Managing and treating non-septic lower airway diseases in horses

In adult horses, most lower airway diseases occur due to non-septic inflammation.

Inhaled particulates are implicated in the majority of cases, with organic matter such as mould spores, endotoxin, ammonia and hay dusts being potent triggers of lower airway inflammation. Inorganic particulates may also play a role.

Differentiation of recurrent airway obstruction (RAO) and inflammatory airway disease (IAD) can be challenging and may be academic as recommendations for treatment are generally similar and based on the severity of inflammation and clinical signs.

While it is helpful to distinguish RAO and IAD as distinct conditions, in reality they may represent different points in a spectrum of, as yet, poorly characterised non-septic lower airway diseases, in the author’s opinion.

RAO is a hypersensitivity-mediated neutrophilic airway disease. IAD represents a non-allergic response to inhaled particulates and results in inflammation characterised by increased numbers of neutrophils, eosinophils or mast cells. The clinical signs associated with RAO are more severe and, frequently, there may be increased effort of breathing as well as coughing.

In IAD, signs of respiratory dysfunction are not evident at rest and the condition is generally associated with mild clinical or sub-clinical disease and poor performance.

Horses affected by RAO tend to be five years of age or older, while horses with IAD are usually young, but may be of any age.

Treatment of RAO has been the subject of considerable amounts of research, while little has been published on the treatment of IAD. As a result, recommendations for the management of IAD are often anecdotal and/or derived from research performed in horses with RAO.

Environmental management

Improvements in air hygiene are central to the effective control of both RAO^1-3 and IAD^2,4 (Figure 1).
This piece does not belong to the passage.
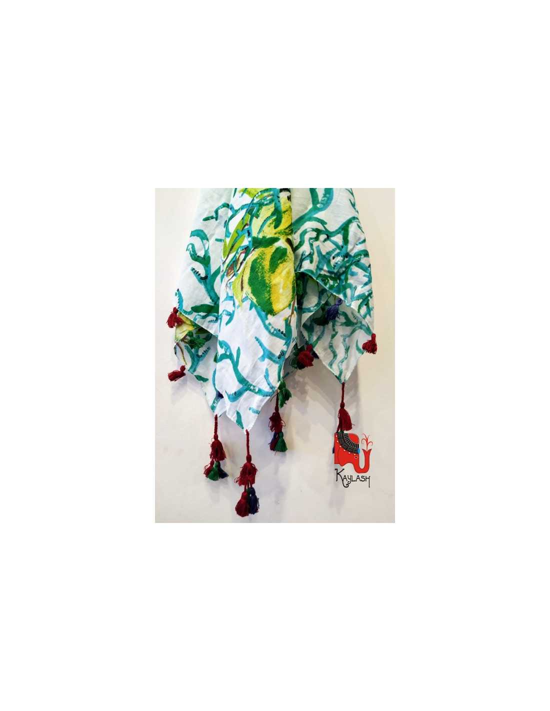 Pañuelos de algodón con pom pom y flecos

Without effective management of the environment and removal of the cause of inflammation, the benefits of pharmaceutical treatment in RAO will be, at best, slight or transient⁵; or possibly non-existent^6-8. Without modification of the environment, markers of airway inflammation are unlikely to improve^6-8.

When effective changes in the environment are made there is generally an improvement in horses with RAO within days, and more gradual over subsequent weeks. In IAD, treatment response to environmental change is harder to assess.
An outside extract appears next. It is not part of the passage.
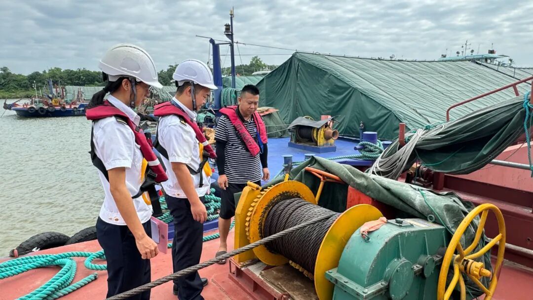 在登船走访中,高要海事处执法人员对船舶安全设备进行全面细致检查,包括物资储备是否齐全、通讯设备是否畅通、动力和锚泊系统是否正常等关键环节。同时,提醒船员在舱面活动时必须规范穿着救生衣,加强值班值守,密切关注气象水文预警的实时变化。针对台风可能带来的强风大浪,高要海事处严格要求所有船舶从单锚改抛双锚以增强锚泊稳定性,严防船舶走锚等险情的发生。

Horses should be turned out for all of the day or as much of the day as possible. If this is not practical then measures should be implemented to improve ventilation and air hygiene. Susceptible horses should be kept away from areas of increased horse or human traffic that may result in dust and should be kept out during periods when high levels of dust are expected, such as mucking out and feeding.

The quality of forage is the most important factor and levels of airborne pollutants in the breathing zone may be very different from those in the general stable environment, especially if forage is of poor quality.

Although improving management in a single stable will be helpful³, measures should be implemented across the whole building where multiple horses are being kept in the same airspace⁹.

Wood shavings, paper, cardboard and hemp are all favourable alternatives to straw; however, they should still be skipped out frequently to prevent accumulation of mould spores.

Haylage, alfalfa or forage cubes are lower dust alternatives to hay. Hay can also be soaked to reduce respirable dust⁹ (Figure 2).

Pharmacological treatments

Inflammation underlies the pathogenesis of both RAO and IAD and, therefore, pharmaceutical treatment, if needed, is unlikely to be successful without the inclusion of anti-inflammatory/immunosuppressive therapy.

NSAIDs are not effective. Traditionally, oral bronchodilators have been used widely for the treatment of lower airway disease in horses, often with a combination of antimicrobials, mucolytics or expectorants.

The use of these drugs over effective immunosupressants is misguided, in the author’s opinion. The perceived association between glucocorticoid use and laminitis is often a barrier to the use of glucocorticoids in the treatment of RAO; however, this association is coming under increasing scrutiny.

While the apparent link between glucocorticoids and laminitis is widely acknowledged, there is little evidence for it and few reports implicating glucocorticoids as a cause of laminitis¹⁰.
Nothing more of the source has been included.